Critique de film

Cell Phone

"Cell Phone"
affiche du film

Clay Riddell, dessinateur de bandes-dessinées, est témoin d’une scène de carnage à l’aéroport de Boston : tous ceux qui se servent de leur téléphone portable se transforment instantanément en zombies sanguinaires. Il rejoint alors un groupe de survivants et part, avec Tom McCourt, à la recherche du signal à l’origine de ce chaos.

Les critiques à propos de ce film

Critique de Cell Phone - On passe dans un tunnel
Par : Damien Taymans

Les portables connaissent un développement technologique sans précédent. Jugez plutôt : entre l’achat des droits du best-seller de Stephen King, Cellulaire, et sa sortie officielle, il s’est écoulé pas moins de six versions de l’Iphone (rien que ça !). D’ici à là, le projet racheté par Dimension Films et confié dans un premier temps à Eli Roth s’est mué et a vu toutes les personnalités attachées sauter progressivement de l’appareil (du producteur aux scénaristes).
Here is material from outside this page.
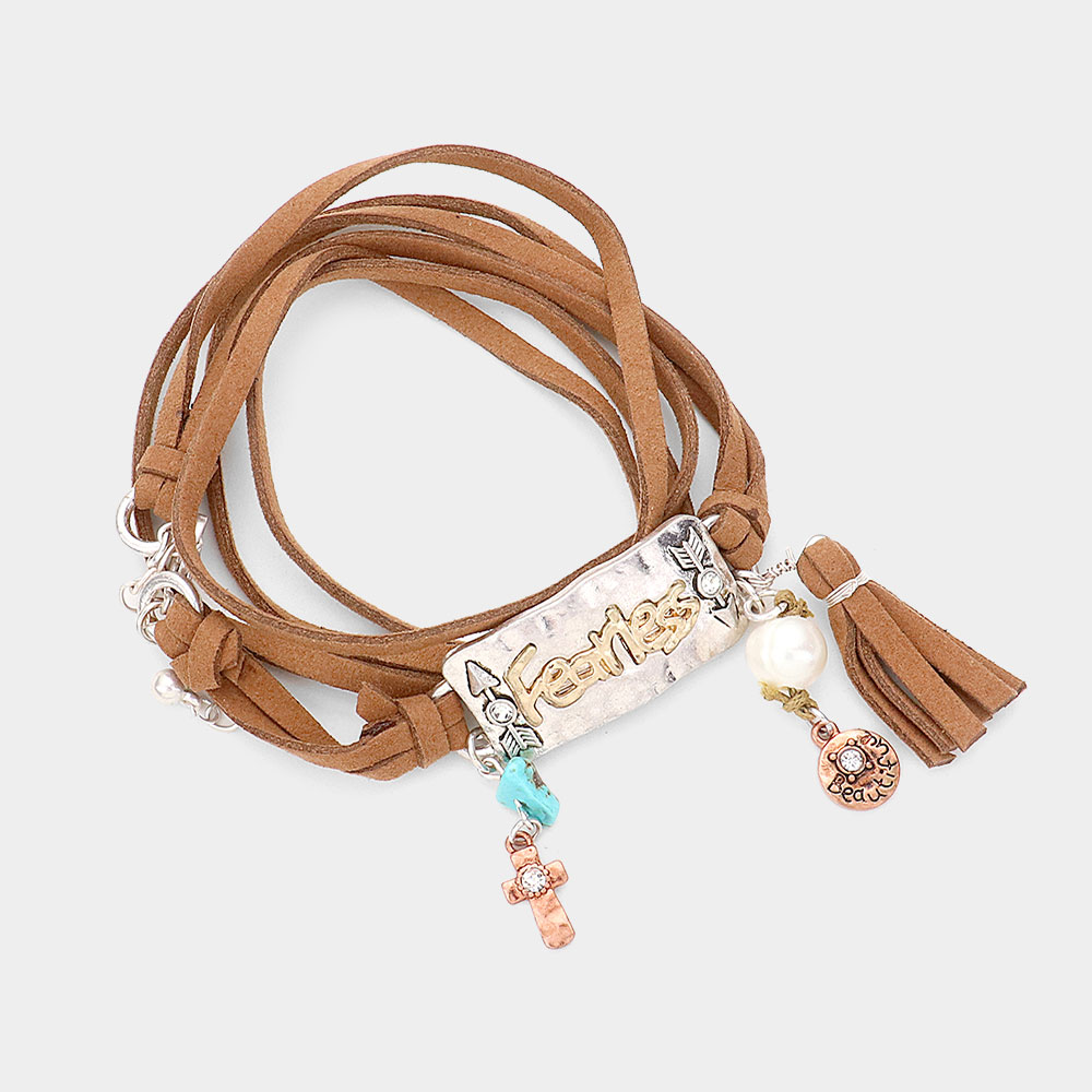 "Fearless" Hammered Arrow & Cross Suede Tassel Bracelet

La version finale est chapeautée par Richard Saperstein, déjà en poste sur les adaptations de Chambre 1408 et The Mist, qui confie le script à Adam Alleca (La Dernière Maison sur la Gauche) et Stephen King lui-même et la réalisation à Tod Williams qui a fait ses armes sur le navrant Paranormal Activity 2. Et pour rester en terrain conquis, les deux comédiens principaux de Chambre 1408 reprennent du service : John Cusack et Samuel L. Jackson partagent l’affiche de ce qui restera une mièvre adaptation d’une des œuvres les plus faibles de King.
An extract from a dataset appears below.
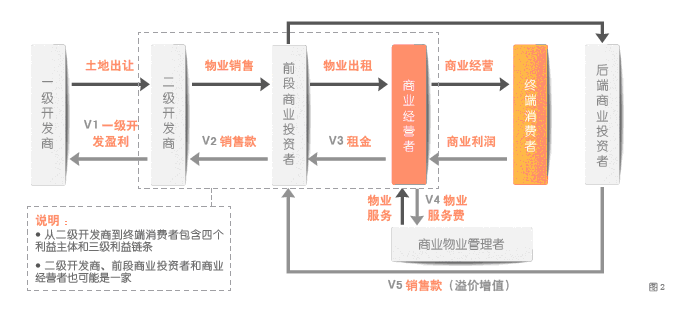 大型的商业项目,其利益链条中必须加入经营者(可能是投资者,也可能不是投资者),所涉及的利益链条明显增长为四层(即开发商销售给投资者,再由投资者出租给经营者,再由经营者从事商业经营活动,以便实现对终端消费者的服务——投资者以能否按预定的投资收益找到经营者来决定是否购买开发商的产品,而经营者以能否从终端消费者的商业经营收益中获利来决定是否承租投资者的商铺),如图2。

Après une séquence d’intro qui introduit directement le récit dans le registre de l’horreur et pose les balises nécessaires à l’apocalypse promise, le scénario se paume complètement, expédiant les enjeux dramatiques et sacrifiant les personnages sur l’autel de quelques scènes d’attaques zombiesques. Car de morts-vivants, il en question du début à la fin du métrage, sans que cette infection qui gangrène peu à peu l’humanité par le truchement des ondes ne soit jamais expliquée ou justifiée. Désireux de livrer un condensé ramassé façon Reader’s Digest de sa brique, Stephen King réduit au strict minimum narratif son histoire et expurge le traitement de tous les développements des êtres qui parcourent des kilomètres pour retrouver les leurs et découvrir le phénomène auquel ils sont confrontés. C’est que le romancier, habitué à voir ses œuvres adaptées sur des formats plutôt longs (la mini-série reste le mètre-étalon), fonce aveuglément (sans mauvais jeu de mots) vers l’essentiel, propulsant ses héros en enquêteurs de haut standing. Deux ou trois indices leur suffisent à échafauder des théories capillotractées, ce qui permet à l’intrigue d’avancer vers un autre carrefour, sans le moindre égard pour la crédibilité.
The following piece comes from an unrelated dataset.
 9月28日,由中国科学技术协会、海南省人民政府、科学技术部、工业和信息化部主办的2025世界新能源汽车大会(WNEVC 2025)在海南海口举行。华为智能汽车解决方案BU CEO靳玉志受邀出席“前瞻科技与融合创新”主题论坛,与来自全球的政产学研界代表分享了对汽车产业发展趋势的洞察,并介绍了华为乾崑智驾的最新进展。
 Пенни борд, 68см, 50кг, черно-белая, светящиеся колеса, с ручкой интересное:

A mesure que les scènes s’enchaînent à ce rythme effréné, le sous-texte (l’inhumation progressive de la communication par l’excès de smartphone qui conduit à une déshumanisation) s’efface, ne laissant qu’un ensemble de péripéties vaguement reliées au déroulement parfois grotesque (la mise à mort des "phoneurs" sur le terrain de foot, la séquence finale). Cell Phone restera sans doute l’une des pires transpositions kingiennes au cinéma, accusez réception de ce naufrage.